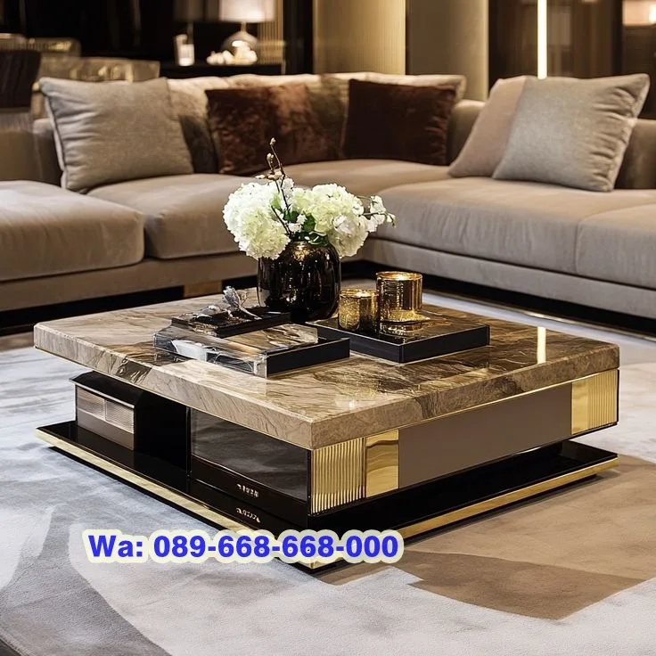 Coffe table adalah meja rendah yang dirancang untuk ditempatkan di area tempat duduk untuk mendukung minuman, remote control, majalah, buku, benda dekoratif, dan barang kecil lainnya dengan nyaman. Coffe table saat ini banyak ditemui pada ruang tamu atau ruang keluarga. meja ini bisa digunakan dalam jangka waktu yang lama tanpa kehilangan kualitasnya. Meski demikian, perawatan tetap diperlukan agar permukaan marmer tidak ternoda oleh cairan asam seperti kopi, teh, atau jus. Dengan perawatan yang tepat, meja ini dapat mempertahankan kilau alaminya selama bertahun-tahun.
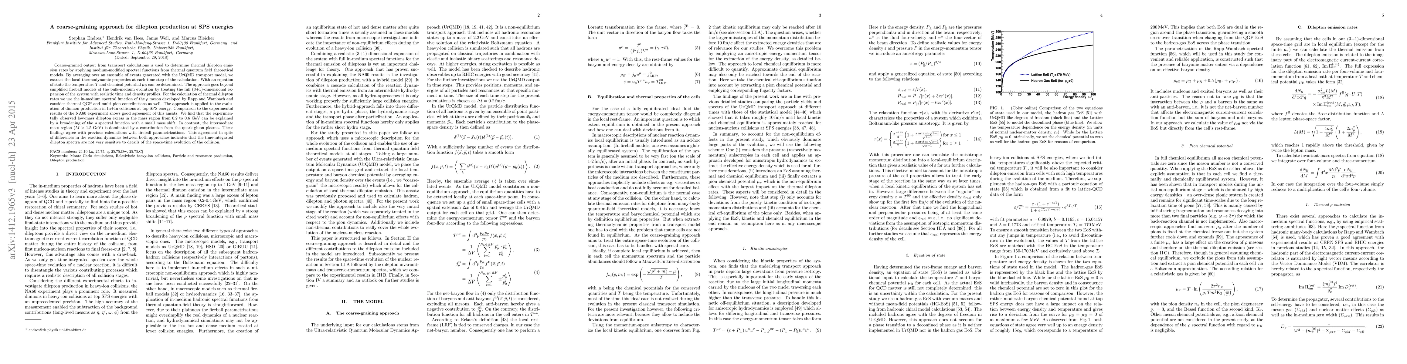 Coarse-grained output from transport calculations is used to determine thermal dilepton emission rates by applying medium-modified spectral functions from thermal quantum field theoretical models. By averaging over an ensemble of events generated with the UrQMD transport model, we extract the local thermodynamic properties at each time step of the calculation. With an equation of state the temperature $T$ and chemical potential $\mu_{\mathrm{B}}$ can be determined. The approach goes beyond simplified fireball models of the bulk-medium evolution by treating the full (3+1)-dimensional expansion of the system with realistic time and density profiles. For the calculation of thermal dilepton rates we use the in-medium spectral function of the $\rho$ meson developed by Rapp and Wambach and consider thermal QGP and multi-pion contributions as well. The approach is applied to the evaluation of dimuon production in In+In collisions at top SPS energy. Comparison to the experimental results of the NA60 experiment shows good agreement of this ansatz. We find that the experimentally observed low-mass dilepton excess in the mass region from 0.2 to 0.6 GeV can be explained by a broadening of the $\rho$ spectral function with a small mass shift. In contrast, the intermediate mass region ($M > 1.5$ GeV) is dominated by a contribution from the quark-gluon plasma. These findings agree with previous calculations with fireball parametrizations. This agreement in spite of differences in the reaction dynamics between both approaches indicates that the time-integrated dilepton spectra are not very sensitive to details of the space-time evolution of the collision.
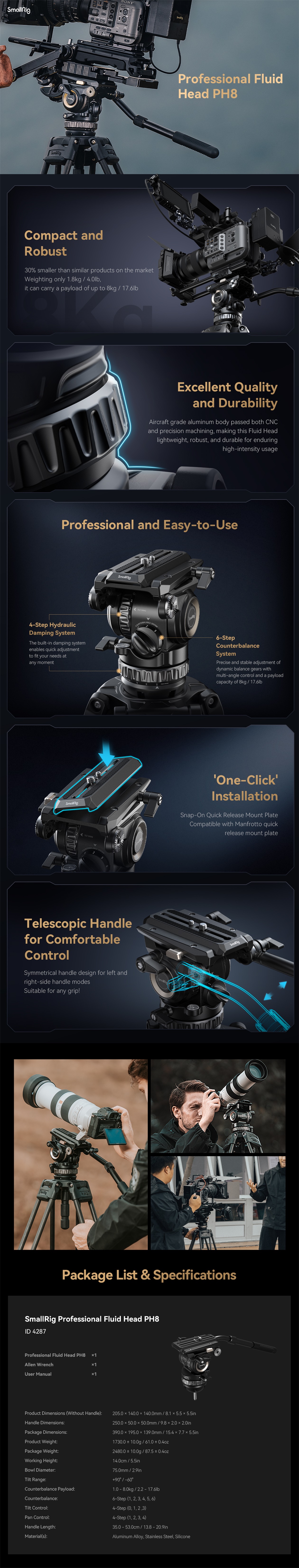 A SmallRig Professional Fluid Head PH8 4287 egy professzionális fluid fej a videózás megkönnyítésére. A fluid fej állítható 6 fokozatú ellensúlyozó rendszerrel rendelkezik. Amikor a gravitációs középpont magassága 55 mm / 2,2", a 6 lépéses ellensúlyozó rendszer kiegyensúlyozza a kamerát vagy más rigeket (legfeljebb 8 kg / 17,6 lb), és pontosan szabályozza a kamera dőlését. Az állítható 4 fokozatú hidraulikus csillapítórendszer lehetővé teszi a forgatás és a dőlés beállítását, és biztosítja a kamera sima pásztázását és dőlését. A PH8 folyadékfej egy új Touch-and-Go gyorskioldású rögzítőlemez kialakítást alkalmaz, amely nem igényel igazítást, és hatékonyabb, mint a hagyományos becsúsztatható lemezek. A felhasználóbarát, levehető teleszkópos fogantyú lehetővé teszi a jobb és bal oldalra történő forgatásos rögzítést, így bármilyen fogáshoz alkalmas. A Professional Fluid Head PH8 könnyű, kompakt és robusztus. Súlya mindössze 1,8 kg / 3,9 font, így kisebb, mint a piacon kapható hasonló termékeké.

------------------------------------

EXERCISE:
Make an exact copy of the listing. Do not carry over its pictures.

ANSWER BELOW:
 Coffe table adalah meja rendah yang dirancang untuk ditempatkan di area tempat duduk untuk mendukung minuman, remote control, majalah, buku, benda dekoratif, dan barang kecil lainnya dengan nyaman. Coffe table saat ini banyak ditemui pada ruang tamu atau ruang keluarga. meja ini bisa digunakan dalam jangka waktu yang lama tanpa kehilangan kualitasnya. Meski demikian, perawatan tetap diperlukan agar permukaan marmer tidak ternoda oleh cairan asam seperti kopi, teh, atau jus. Dengan perawatan yang tepat, meja ini dapat mempertahankan kilau alaminya selama bertahun-tahun.
 Coarse-grained output from transport calculations is used to determine thermal dilepton emission rates by applying medium-modified spectral functions from thermal quantum field theoretical models. By averaging over an ensemble of events generated with the UrQMD transport model, we extract the local thermodynamic properties at each time step of the calculation. With an equation of state the temperature $T$ and chemical potential $\mu_{\mathrm{B}}$ can be determined. The approach goes beyond simplified fireball models of the bulk-medium evolution by treating the full (3+1)-dimensional expansion of the system with realistic time and density profiles. For the calculation of thermal dilepton rates we use the in-medium spectral function of the $\rho$ meson developed by Rapp and Wambach and consider thermal QGP and multi-pion contributions as well. The approach is applied to the evaluation of dimuon production in In+In collisions at top SPS energy. Comparison to the experimental results of the NA60 experiment shows good agreement of this ansatz. We find that the experimentally observed low-mass dilepton excess in the mass region from 0.2 to 0.6 GeV can be explained by a broadening of the $\rho$ spectral function with a small mass shift. In contrast, the intermediate mass region ($M > 1.5$ GeV) is dominated by a contribution from the quark-gluon plasma. These findings agree with previous calculations with fireball parametrizations. This agreement in spite of differences in the reaction dynamics between both approaches indicates that the time-integrated dilepton spectra are not very sensitive to details of the space-time evolution of the collision.
 A SmallRig Professional Fluid Head PH8 4287 egy professzionális fluid fej a videózás megkönnyítésére. A fluid fej állítható 6 fokozatú ellensúlyozó rendszerrel rendelkezik. Amikor a gravitációs középpont magassága 55 mm / 2,2", a 6 lépéses ellensúlyozó rendszer kiegyensúlyozza a kamerát vagy más rigeket (legfeljebb 8 kg / 17,6 lb), és pontosan szabályozza a kamera dőlését. Az állítható 4 fokozatú hidraulikus csillapítórendszer lehetővé teszi a forgatás és a dőlés beállítását, és biztosítja a kamera sima pásztázását és dőlését. A PH8 folyadékfej egy új Touch-and-Go gyorskioldású rögzítőlemez kialakítást alkalmaz, amely nem igényel igazítást, és hatékonyabb, mint a hagyományos becsúsztatható lemezek. A felhasználóbarát, levehető teleszkópos fogantyú lehetővé teszi a jobb és bal oldalra történő forgatásos rögzítést, így bármilyen fogáshoz alkalmas. A Professional Fluid Head PH8 könnyű, kompakt és robusztus. Súlya mindössze 1,8 kg / 3,9 font, így kisebb, mint a piacon kapható hasonló termékeké.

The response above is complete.